Why do you think you'll have to use HList? While HList is great, in this particular instance, I don't think you'll need it. Jacques

Hi Jacques, well in short my post is supposed to pretty much lay bare my lack of understanding of the problem I try to solve, with the hope that someone is willing to fill the gaps. I do know that I could express my algorithms via list-comprehension or in a List Monad, all using tuples. And that would be concrete and grossly inefficient. But I also wouldn't be able to express an incorrectly typed term *thanks* to using tuples. So how would it be possible to express selecting /field/ b from /record/ x and field c from record y, creating record z, while making sure that record x does have field b and record y does have field c? I mean design a syntax for it? Günther Am 28.12.09 16:15, schrieb Jacques Carette:
Günther Schmidt wrote:
My guess is that finally tagless style allows one to create a syntax without any initial dependency to an implementation. Ie. once one has created the syntax in this style one can then proceed to construct terms.
Yes.
So this is my goal, create a syntax for relational algebra, express an abstract relational algorithm in this syntax and worry about implementation / compilation / evaluation *later*. But at least being able to express a correctly typed term.
Good plan. But syntax design is hard, whatever style you choose.
I presume I will need to employ HList at some point, but I'm not entirely certain where. Will I need it at the very beginning, as constrains in the syntax so that only correct abstract terms can be built, or will I need it in on of the interpreters / compilers later?

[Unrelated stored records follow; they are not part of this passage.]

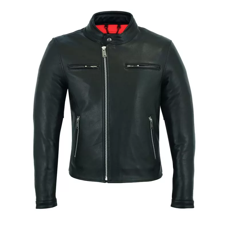 Vintage Motors präsentiert: Modell: Mann Slim-Fit Kragen schnappt < / span> Langer Ärmel mit geknöpften Manschetten und zip asymmetrisches Reißverschluss Verstellbare Taille mit Druckknöpfen < / span> 2 Seitentaschen mit RV 2 Reißverschluss-Brusttaschen Air-Mesh-Fixes Futter, mit zwei Reißverschlusstaschen versehen herausnehmbare Protektoren an Schultern und Ellbogen CE-zertifiziert enthalten Tasche für Rückenprotektor (nicht MwSt) Optimale Belüftung Komfortable und robuster Zusammensetzungen : Leder
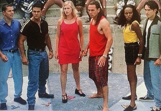 The Zeo Rangers from left to right: Rocky, Jason, Katherine, Tommy, Tanya and Adam.
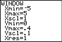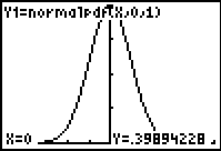 Have the students return to the Y= menu and change the mean from 60 to 0, the standard deviation from 12.5 to 1 (thus, Y1 = normalpdf(X, 0, 1)). Adjust Window Settings as shown, and then view the graph. Discuss the features of this general normal distribution curve.
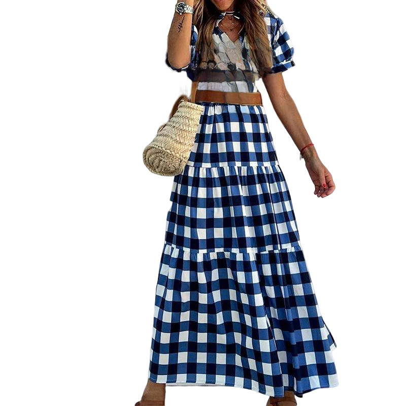 | nameOriginal | FD1002 in stock 2022 summer New Fashion stand collar short sleeve bohemian mid-length plaid dress |
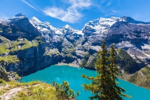 是誰把一顆藍寶石,深藏在遺世獨立、海拔1600公尺的瑞士山間?位在伯恩州歐士能山腰的歐士能湖(Oeschinensee),又被稱為「山中湖」,因為湖面藍得不可思議的表情,也被稱為「高山藍湖」。

You will not need HList for constraining the syntax -- Haskell's type system should already provide all you need to constrain the syntax. In fact, in tagless final style (rather than in initial style), for the lambda calculus you don't even need GADTs to deal with exotic terms!

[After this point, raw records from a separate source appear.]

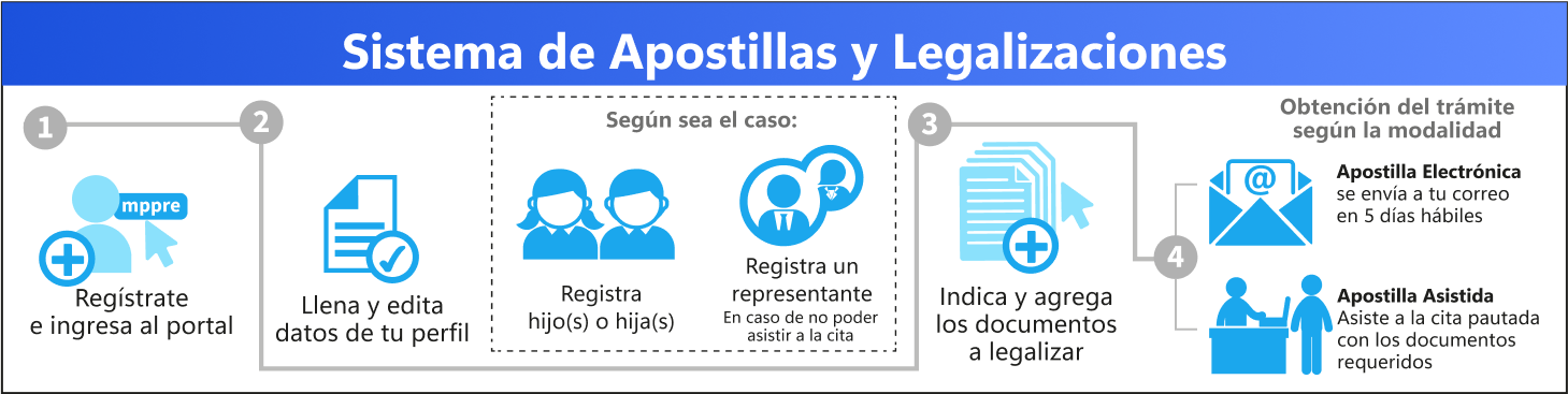 Para legalizar o apostillar un documento es indispensable crear una cuenta de usuario en el módulo de Registro del portal web del Sistema de Legalización y Apostilla Electrónica (SLAE), a través de 3 simples pasos. (Ver imagen).
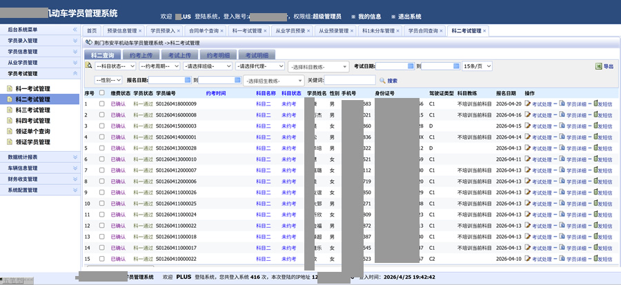 案例2:某驾校学员管理,业务管理自动化定制开发,数据库开发
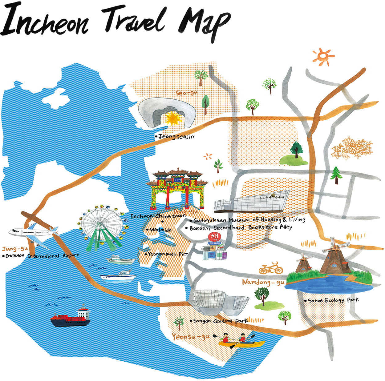 인천국제공항 덕분에 한국을 향하는 여행객이 가장 먼저 방문하게 되는 곳, 바로 인천이다. 대한민국 영토의 100분의 1에 해당하는 넓은 면적으로, 광역시 가운데 1위의 넓이를 자랑한다. 아름다운 섬과 해변가의 풍경도 물론 일품이지만, 이번 여행에서는 계속 진화하고 있는 도심의 구석구석을 살펴본다.
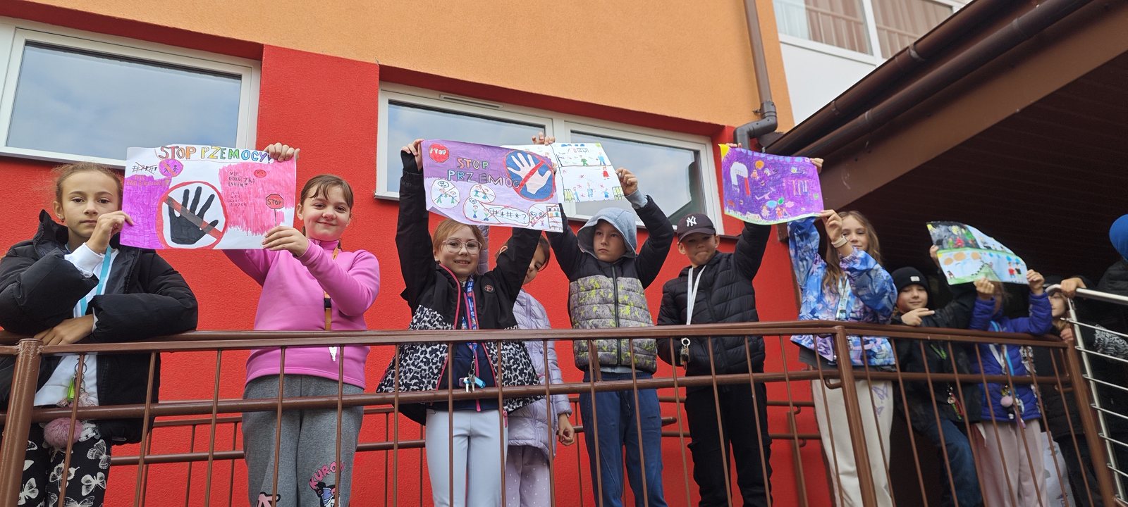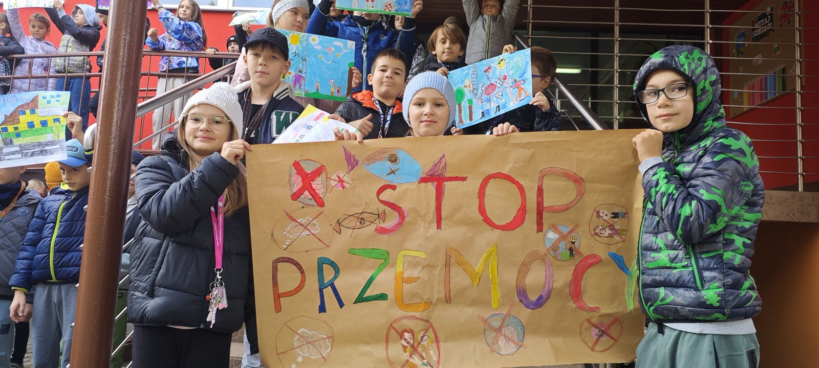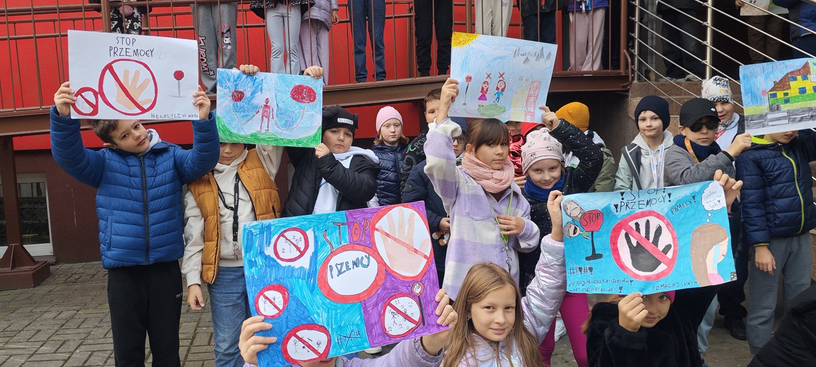 Młodsze klasy przygotowały „Dobre słowo dla kolegi i koleżanki” – pozytywne komunikaty, które zawisły na szkolnym korytarzu, tworząc wyjątkową „ścianę życzliwości”. Uczniowie klas III opracowali plakaty z hasłami przeciwko przemocy oraz zorganizowali happening przed szkołą, wyrażając swój sprzeciw wobec agresji rówieśniczej.
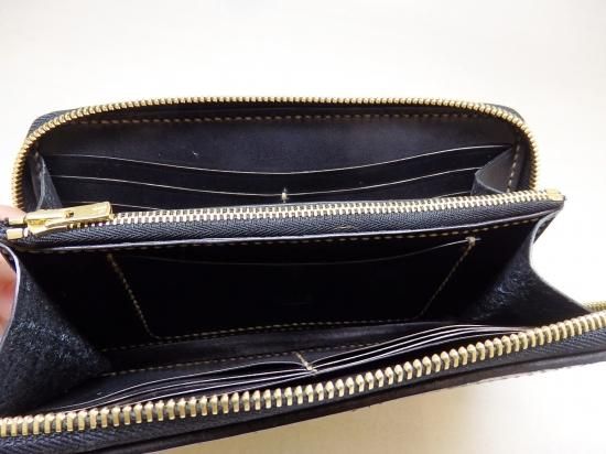小銭x1、札入れx2、カード入れx12、ライセンスカードx2と収納スペースを多く設け、カードやお札、レシート等を選別して収納出来、使用し易さ、使い勝手も良く、素材全ての良さが現れ、オーダーならではの組み合わせのラウンドウォレットに完成しました。

Why do you think you'll have to use HList? While HList is great, in this particular instance, I don't think you'll need it.
Jacques

I do know that I could express my algorithms via list-comprehension or in a List Monad, all using tuples. And that would be concrete and grossly inefficient. You should probably tell us what these algorithms accomplish, rather
Günther Schmidt wrote: than how one implementation goes. From a higher-level view of what you're trying to do [but not as high as saying 'implement abstract relational algebra'], it will be easier to give concrete advice.

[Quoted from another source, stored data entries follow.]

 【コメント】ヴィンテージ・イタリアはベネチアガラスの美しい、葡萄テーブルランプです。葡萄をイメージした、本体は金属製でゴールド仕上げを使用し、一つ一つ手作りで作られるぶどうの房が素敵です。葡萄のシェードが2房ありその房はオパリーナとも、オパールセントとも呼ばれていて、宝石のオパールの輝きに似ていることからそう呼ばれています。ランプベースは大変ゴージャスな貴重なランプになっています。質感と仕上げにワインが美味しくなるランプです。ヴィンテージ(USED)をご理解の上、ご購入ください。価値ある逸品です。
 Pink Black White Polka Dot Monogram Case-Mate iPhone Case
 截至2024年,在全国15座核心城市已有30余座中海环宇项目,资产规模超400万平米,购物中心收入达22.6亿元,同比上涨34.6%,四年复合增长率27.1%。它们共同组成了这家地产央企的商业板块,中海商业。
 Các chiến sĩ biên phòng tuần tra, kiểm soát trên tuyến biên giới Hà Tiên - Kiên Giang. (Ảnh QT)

So how would it be possible to express selecting /field/ b from /record/ x and field c from record y, creating record z, while making sure that record x does have field b and record y does have field c? I mean design a syntax for it? Perhaps you should tell us why you think you need records at all, and record sub-typing to boot. You might well be right, but the higher-level requirements will have a much bigger influence on the design than anything else.
Jacques

Dear Jacques, I'll try to explain by a concrete example and what I'm hoping to achieve. my app imports 4 CSV files, generated from a hospital's IT system and nationally standardized (Germany). Theses 4 files contain records of how much money the hospital received for a patient, when he was initial admitted, what kind of procedures a patient had and when, his transfers and stays from departments within the hospital and his initial admission date. The common key in all these different kind of records is a patient's case-id. From all this information and more I calculate through a very complicated scheme a departments share of the revenue created for a individual patient. Well not even patients as such but rather hospital-case. The scheme is rather complicated and a bit of a moving target, because the auditors in a hospital do have the possibility to redistribute shares from one department to another. For instance revenue shares on surgical procedures may be redistributed from a non-surgical department to a surgical one and so on. Initially I had simply imported the CSV files into empty tables in a database and done the calculations directly in SQL, never ever again! The algorithms for looking up values in one table and matching them with the next, and sometimes creating new values, for instance figuring out in which department a patient had which procedures, those I'd like to express concisely and abstractly. Because I may or may not choose to evaluate the algorithm then to in-memory haskell code, using Maps or what-have-you or to compile to SQL, or whatever. But my 1st goal here is to express the algorithm. I figure if I have to change the abstract algorithm due to new requirements (but not the syntax), the concrete and probably more elaborate implementation follows suit automatically. Günther Am 28.12.09 17:49, schrieb Jacques Carette:
Günther Schmidt wrote:
I do know that I could express my algorithms via list-comprehension or in a List Monad, all using tuples. And that would be concrete and grossly inefficient.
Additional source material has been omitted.